Inspecting the values, we see what the term really do is that it brings odd terms to the imaginary part and even terms to the real parts.
Next, we look at what $ \theta $ can do for us on the left hand side.
For simplicity, let $ A = \phi(x,0) $ and $ B = \phi(x,\frac{T}{2}) $, the expression is now simplified to
$ \exp{(-i\theta)}(\cos{(\theta)}A + i \, \sin{(\theta)} B) = (\cos(\theta) - i\sin(\theta))(\cos{(\theta)}A + i \, \sin{(\theta)} B) = cos^2(\theta)A + \sin^2(\theta)B + i(\cos(\theta)\sin(\theta)B - \cos(\theta)\sin(\theta)A) $.
We already knew from question 9 that applying $ t = \frac{T}{2} $ inverting the odd terms and leaving the even terms alone.

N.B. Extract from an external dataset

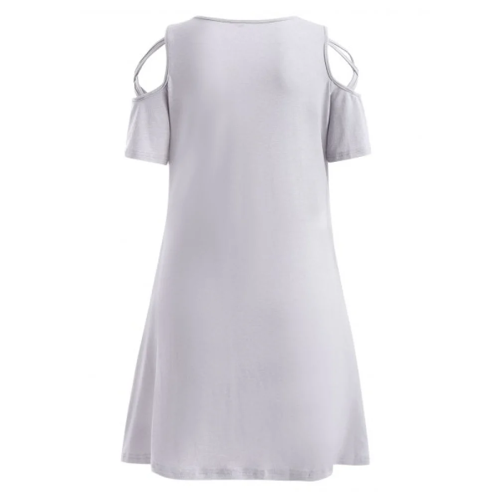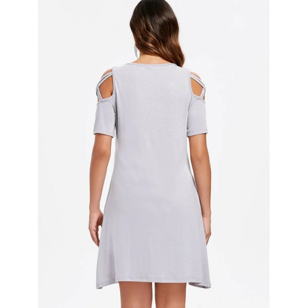 About Criss Cross leeve Round Neck hift Dress - Light Gray Fansmadedirect

Here is the key intuition, to get rid of odd terms in the real part, we make $ \cos^2(\theta) = \sin^2(\theta) = \frac{1}{2} $. That makes the real part simply $ \frac{1}{2}(A + B) $, which eliminates the odd terms and leave the even terms alone. So $ \theta = \frac{\pi}{4} $. The same $ \theta $ works for the imaginary part as well and therefore it is the answer!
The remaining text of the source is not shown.